Trailer Turmoil: Northern Ontario Towns Grapple with Bylaws Amid Expanding Cottage Country

In response to the rising cost of waterfront property and the expansion of southern Ontario’s “cottage country,” trailers are appearing throughout rural northern Ontario. Many towns and townships are now enacting bylaws to regulate the location, environmental impact, and permit fees associated with trailers. Sables-Spanish River, a municipality on the north shore of Lake Huron, is proposing a bylaw that would charge $700 per year for setting up a trailer on vacant land. The bylaw has been met with mixed reactions and concerns about constitutionality.

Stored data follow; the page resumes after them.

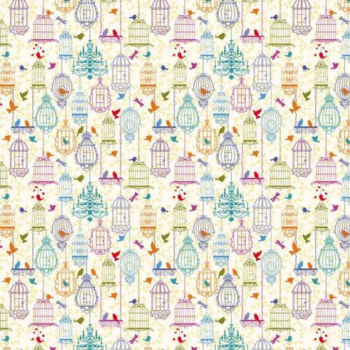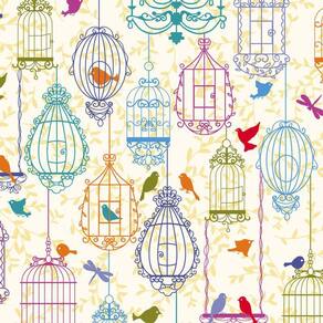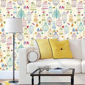Papel Parede Gaiolas Coloridas Passarinho Adesivo Decorativo
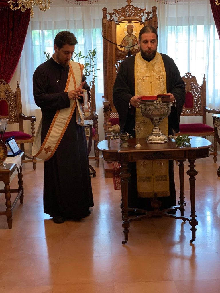 Στην αίθουσα του θρόνου του Επισκοπείου τέλεσε την Ακολουθία του πρωτομηνιάτικου Αγιασμού το πρωί της Παρασκευής, 1 Σεπτεμβρίου 2023 ο Γενικός Αρχιερατικός Επίτροπος της Ιεράς μας Μητροπόλεως Αιδεσιμολογιώτατος Πρωτοπρεσβύτερος π. Αθανάσιος Κοσμάς, εντολή του Σεβασμιωτάτου Ποιμενάρχου μας κ. Θεοφίλου, με την ευκαιρία της ενάρξεως του νέου εκκλησιαστικού έτους παρουσία των κληρικών και λαϊκών υπαλλήλων των γραφείων της Ιεράς μας Μητροπόλεως.
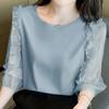 Elegant og søt blonde topp vår med syv ermer chiffonskjorte
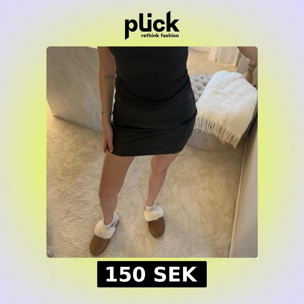 Snygg svart kjol i skinnimitation med en tight passform. Perfekt för en trendig look. Kjolen är kort och har en stilren design utan extra detaljer. Passar bra till både vardag och festliga tillfällen.
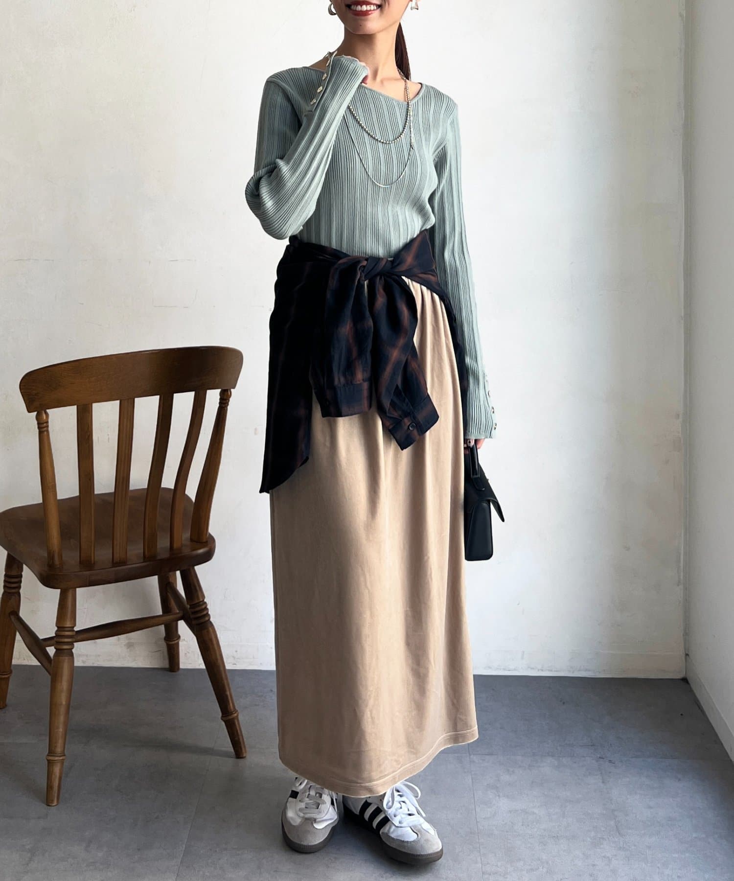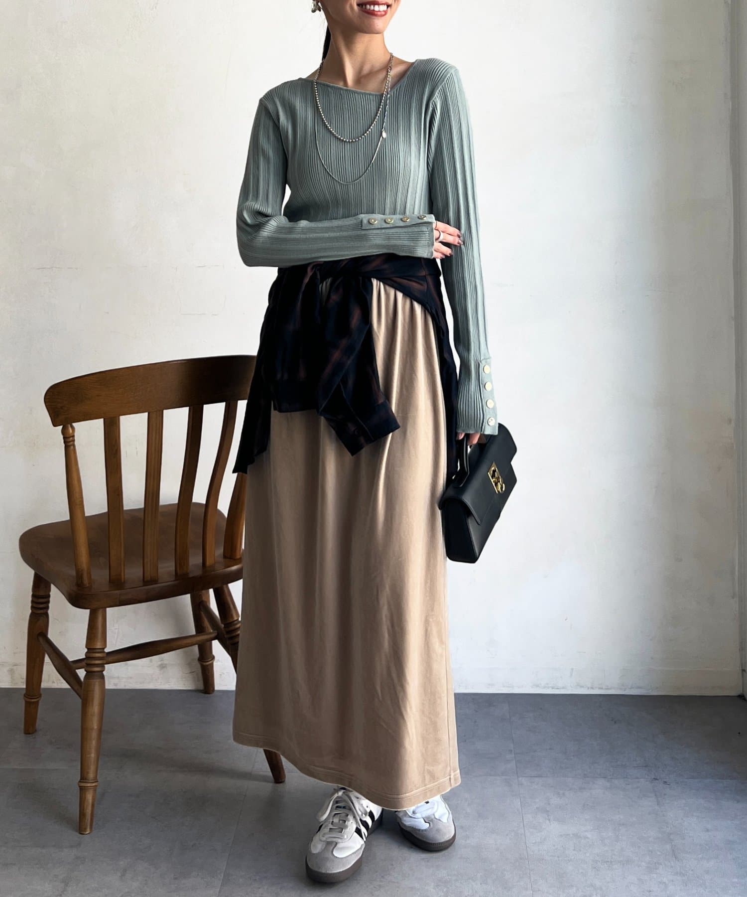 1枚でデニムやロングスカートと合わせてシンプルなコーディネートにも◎

Mayor Kevin Burke says that the bylaw is up for a final reading, but could be amended or sent to a community committee for review. He emphasizes the need for regulation, as the trailer situation is expected to worsen. According to Burke, true growth involves building homes and increasing the tax base, rather than filling townships with transient trailers.

Other towns in northern Ontario have experienced similar debates over trailer bylaws. French River, for instance, has a bylaw limiting homeowners to one trailer, provided they obtain a $400 permit and pass inspections for septic systems and greywater disposal. The bylaw has been appealed to the Ontario Land Tribunal, with opponents concerned about potential large-scale developments of house-like trailers.

In Machar Township, camp owner Judy Luffman has been advocating for more trailers to be allowed, arguing that it benefits the community and local businesses. However, she has faced resistance from the local council. As a result, the regulation of trailers remains a contentious issue in northern Ontario.